The motivation for this is primarily for use with containers. For example,
if a container does an init_module(), we obviously don't want to load this
untrusted code, which may be compiled for the wrong version of the kernel
anyway. Instead, we could parse the module image, figure out which module
the container is trying to load and load it on the host.
As another example, containers cannot mount() in general since various
filesystems assume a trusted image.

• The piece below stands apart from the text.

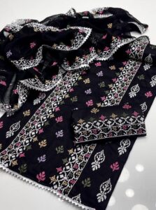 3 PCs Women’s Unstitched Cotton Embroidered Suit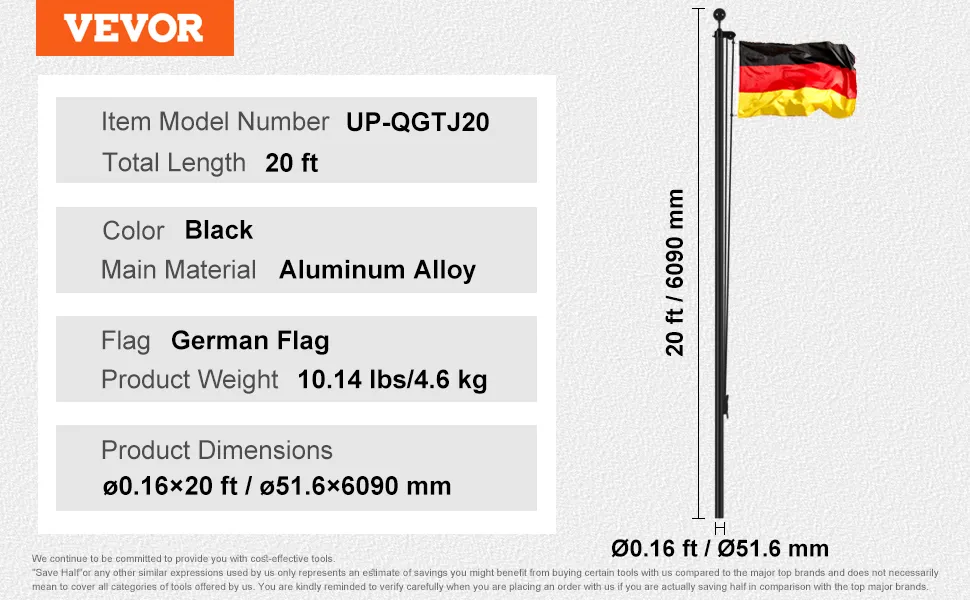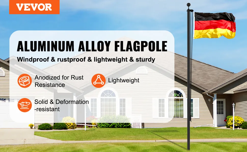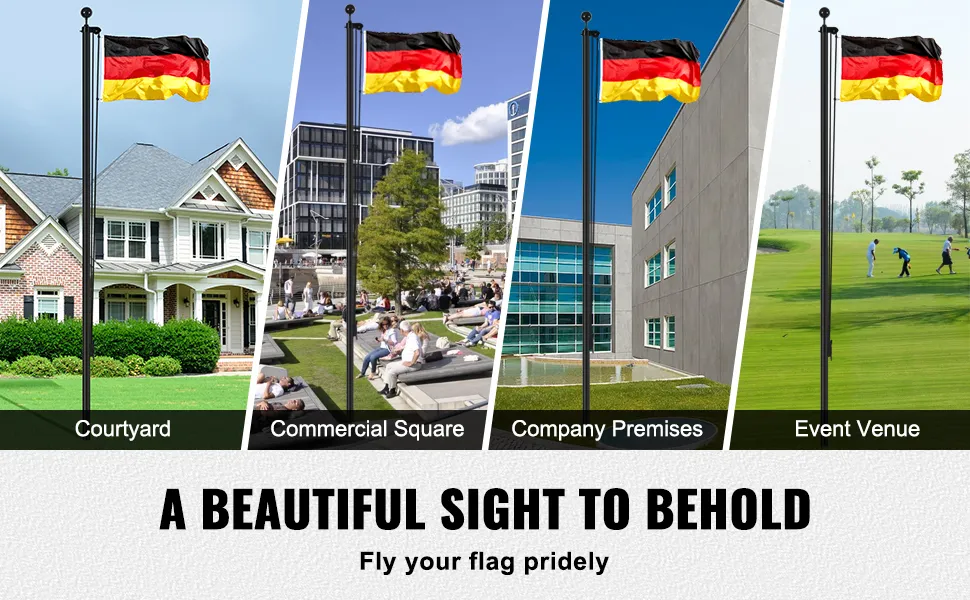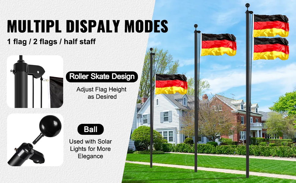 Zestaw masztów flagowych VEVOR o długości 20 stóp, solidny zestaw masztów flagowych ze stopu aluminium do wkopania w ziemię do użytku na zewnątrz, maszt z 3 trybami wyświetlania i profesjonalnymi akcesoriami, flaga niemiecka, kolor czarny

However, if an orchestrator knows that
e.g. a particular block device has not been exposed to a container for
writing, it want to allow the container to mount that block device (that
is, handle the mount for it).
This patch adds functionality that is already possible via at least two
other means that I know about, both of which involve ptrace(): first, one
could ptrace attach, and then iterate through syscalls via PTRACE_SYSCALL.
Unfortunately this is slow, so a faster version would be to install a
filter that does SECCOMP_RET_TRACE, which triggers a PTRACE_EVENT_SECCOMP.
Since ptrace allows only one tracer, if the container runtime is that
tracer, users inside the container (or outside) trying to debug it will not
be able to use ptrace, which is annoying. It also means that older
distributions based on Upstart cannot boot inside containers using ptrace,
since upstart itself uses ptrace to monitor services while starting.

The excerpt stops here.